Transcribe the listing below exactly, from its first line through the line with "The non-isospectral problem". Omit the pictures.

DATASET CONTENT =

------------------------------------

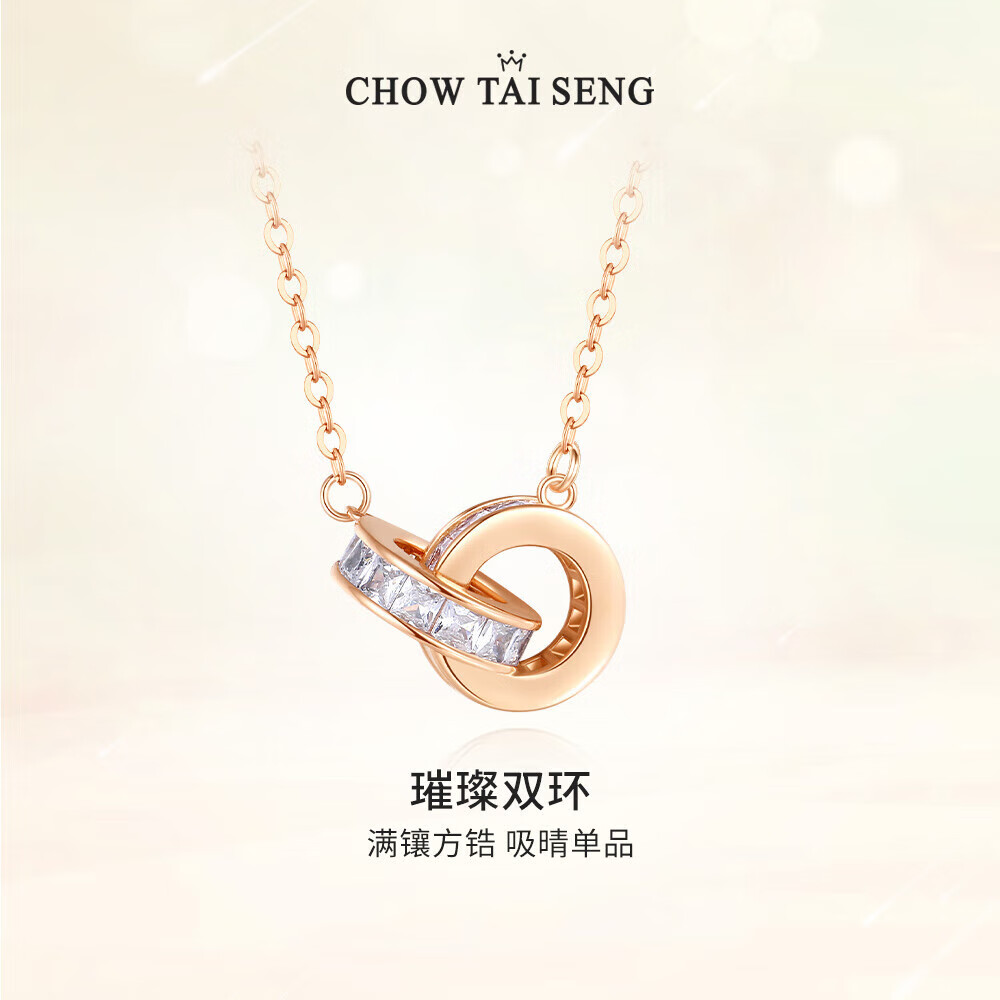 ¥371 周大生环环相扣项链女轻奢小众双环锁骨链生日礼物送女友 421
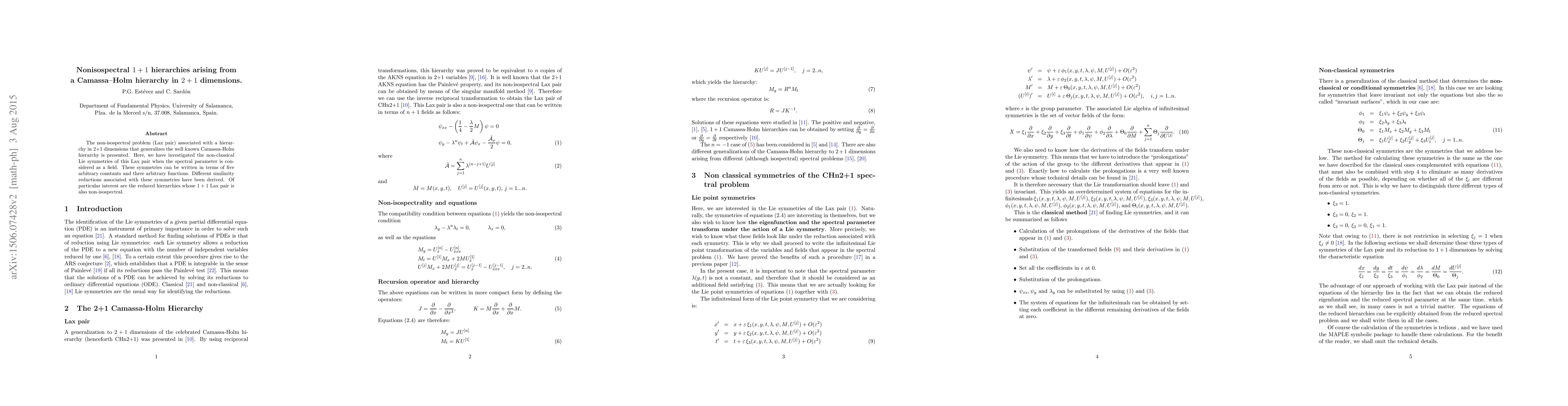 The non-isospectral problem (Lax pair) associated with a hierarchy in 2+1 dimensions that generalizes the well known Camassa-Holm hierarchy is presented. Here, we have investigated the non-classical Lie symmetries of this Lax pair when the spectral parameter is considered as a field. These symmetries can be written in terms of five arbitrary constants and three arbitrary functions. Different similarity reductions associated with these symmetries have been derived. Of particular interest are the reduced hierarchies whose $1+1$ Lax pair is also non-isospectral.
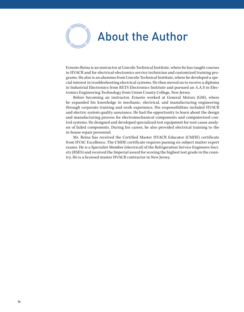 iv About the Author Ernesto Reina is an instructor at Lincoln Technical Institute, where he has taught courses in HVACR and for electrical-electronics service technician and customized training pro- grams. He also is an alumnus from Lincoln Technical Institute, where he developed a spe- cial interest in troubleshooting electrical systems. He then moved on to receive a diploma in Industrial Electronics from RETS Electronics Institute and pursued an A.A.S in Elec- tronics Engineering Technology from Union County College, New Jersey. Before becoming an instructor, Ernesto worked at General Motors (GM), where he expanded his knowledge in mechanic, electrical, and manufacturing engineering through corporate training and work experience. His responsibilities included HVACR and electric system quality assurance. He had the opportunity to learn about the design and manufacturing process for electromechanical components and computerized con- trol systems. He designed and developed specialized test equipment for root cause analy- sis of failed components. During his career, he also provided electrical training to the in-house repair personnel. Mr. Reina has received the Certified Master HVACR Educator (CMHE) certificate from HVAC Excellence. The CMHE certificate requires passing six subject matter expert exams. He is a Specialist Member (electrical) of the Refrigeration Service Engineers Soci- ety (RSES) and received the Imperial award for scoring the highest test grade in the coun- try. He is a licensed master HVACR contractor in New Jersey.
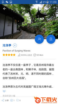 沧浪亭导游是将语音导游、门票信息、旅游攻略、景点美图、旅游足迹等全面集中展现;
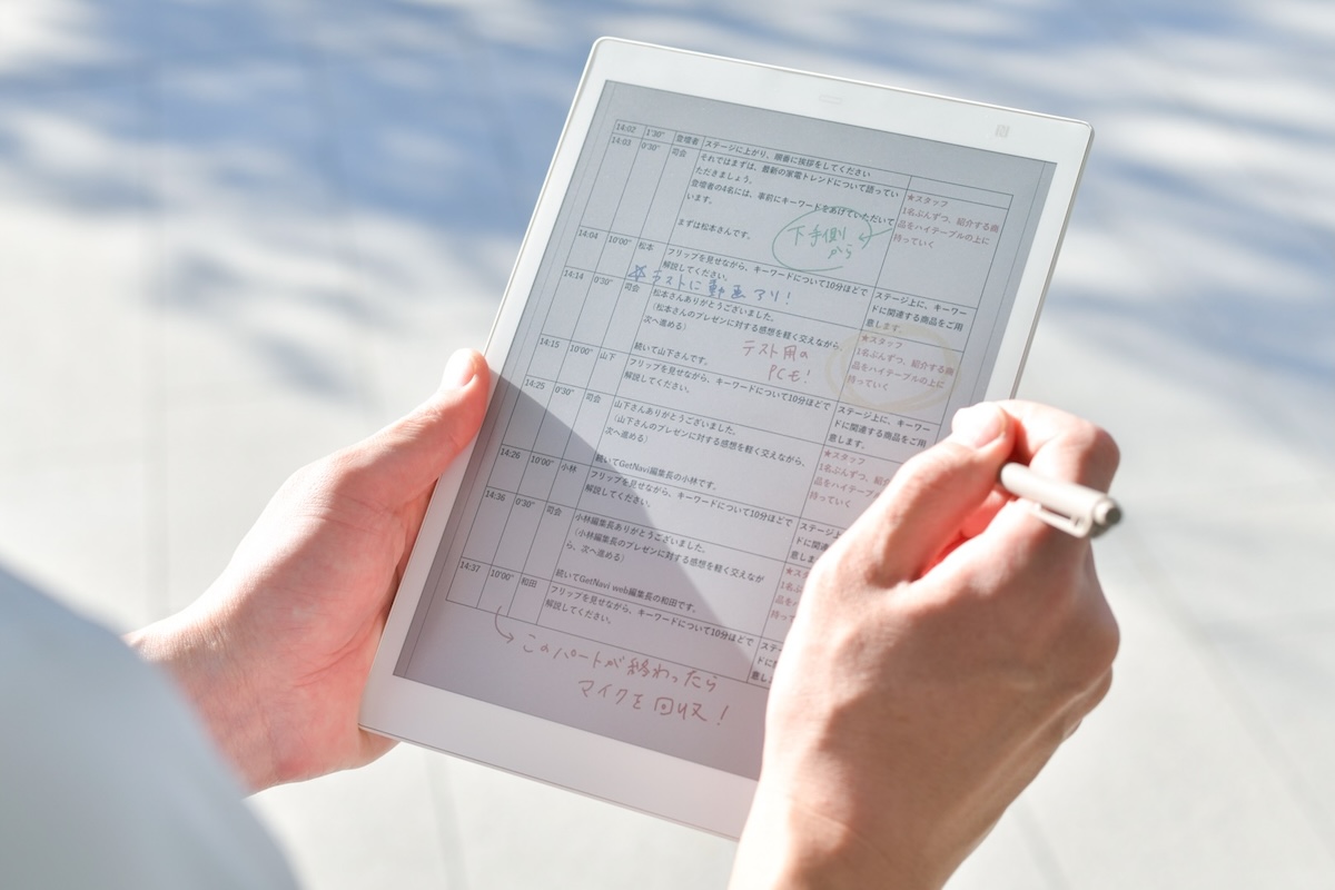 一般的なタブレットは画面が反射して見にくくなりますが、QUADERNOの画面は太陽の下でもコントラストが効いているので見やすかったです。イベント中ってけっこうバタバタしているんですが、カラー画面なら急遽変更になったことなどを目立つ色で書き込めるので、慌ただしいなかでも見逃しが防げると思いました。

------------------------------------

COMPLETED EXERCISE =
 ¥371 周大生环环相扣项链女轻奢小众双环锁骨链生日礼物送女友 421
 The non-isospectral problem (Lax pair) associated with a hierarchy in 2+1 dimensions that generalizes the well known Camassa-Holm hierarchy is presented. Here, we have investigated the non-classical Lie symmetries of this Lax pair when the spectral parameter is considered as a field. These symmetries can be written in terms of five arbitrary constants and three arbitrary functions. Different similarity reductions associated with these symmetries have been derived. Of particular interest are the reduced hierarchies whose $1+1$ Lax pair is also non-isospectral.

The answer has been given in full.